One agent should not be both author, reviewer, risk assessor, and release manager. Human engineering organizations separate duties because each role sees different risks. The author optimizes for implementation. The reviewer looks for correctness. Security checks access boundaries. Operations checks rollback and observability.

Situation

Human engineering organizations separate duties because each role sees different risks. The author optimizes for implementation. The reviewer looks for correctness. Security checks access boundaries. Operations checks rollback and observability.

The pattern matters for database, cloud, and platform teams because agents do not operate in a vacuum. They inherit repository rules, tool permissions, deployment workflows, incident history, and the quality of the evidence available to them.

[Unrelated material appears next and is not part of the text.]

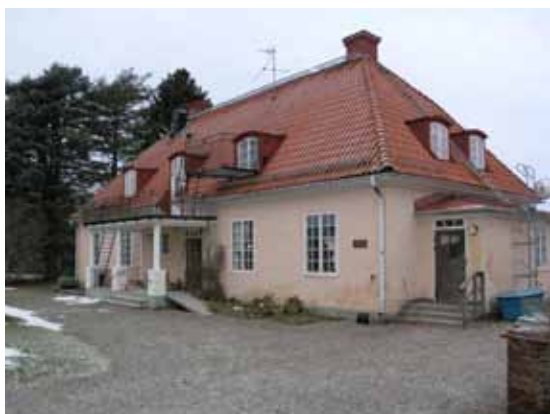
Hed - förskolan

Innebär situationen att man ej kan vara i St Davidsgården/Skinnskattebergs tätort, finns följande alternativ att undersöka som alternativ:

Operating layerDefault approachBetter alternative
ContextRely on a long prompt or chat historyGive the agent task-specific evidence and rules
ToolingExpose broad tools and inspect laterExpose narrow tools with clear approval boundaries
VerificationRead the final answerCheck the artifact, trace, and final state

The Problem

A single agent loop compresses all those roles into one context window. It may generate a migration and then accept its own reasoning about why the migration is safe. That is not review; it is self-approval.

The practical question is not whether an agent can produce a convincing response. The question is whether the engineering system around that response makes the work observable, reversible, and reviewable.

Failure pointWhat breaksWhy it matters
Weak boundaryAgent authority is broader than the taskA diagnostic run can become an unsafe change
Missing evidenceThe agent cannot cite the state it usedReview becomes opinion instead of verification
No lifecycleThe workflow ends at a messageOwnership, audit, cleanup, and rollback disappear

Specialized Agent Review

Use specialized review agents with narrow prompts and evidence requirements: locking reviewer, rollback reviewer, Terraform reviewer, observability reviewer, and security reviewer.

flowchart TD
    A[task request — bounded intent] --> B[specialized agent review — controls]
    B --> C[tool execution — evidence collected]
    C --> D[verification — final state checked]
    D --> E[human handoff — audit retained]
  1. Define the operating boundary.
    Write down the task class, allowed tools, environment, data class, and approval mode before the agent runs.

  2. Shape the evidence.
    Return compact observations instead of raw dumps. The agent should see enough to reason, but not so much that context is wasted.

  3. Require proof of completion.
    Completion should be an artifact or state check: a passing test, a reviewed plan, a valid rollback, a trace, or a linked ticket.

The author agent produces an artifact. Review agents read only the artifact, repo policy, and test output. They return findings, not merged changes.

In Practice

Context: OpenAI’s harness engineering discussion points to agent-to-agent review as part of the productivity system around Codex. The database version of that pattern is especially valuable because operational risk is multi-dimensional. Source: OpenAI, Harness engineering.

Action: The author agent produces an artifact. Review agents read only the artifact, repo policy, and test output. They return findings, not merged changes.

Result: Specialization reduces prompt overload and makes findings easier to audit because each reviewer has a limited responsibility.

Learning: Use specialized review agents with narrow prompts and evidence requirements: locking reviewer, rollback reviewer, Terraform reviewer, observability reviewer, and security reviewer. This is a documented pattern or a direct consequence of how the named systems behave, not a fabricated production story.

Where It Breaks

Failure modeTriggerFix
Self-reviewAuthor agent validates its own workRun independent review agents
Review sprawlEvery reviewer comments on everythingGive each reviewer one risk class
No evidenceReviewer returns broad adviceRequire file, output, or policy citation
Human overloadFive agents produce five essaysNormalize findings into severity, evidence, fix

What to Do Next

  • Problem: A single agent loop compresses all those roles into one context window. It may generate a migration and then accept its own reasoning about why the migration is safe. That is not review; it is self-approval.
  • Solution: Use specialized review agents with narrow prompts and evidence requirements: locking reviewer, rollback reviewer, Terraform reviewer, observability reviewer, and security reviewer.
  • Proof: Specialization reduces prompt overload and makes findings easier to audit because each reviewer has a limited responsibility.
  • Action: Create two review prompts for database changes: one for lock risk and one for rollback completeness. Run both against the same migration PR.

The teams that get value from agents will not be the teams with the longest prompts. They will be the teams that turn agent work into a controlled engineering workflow.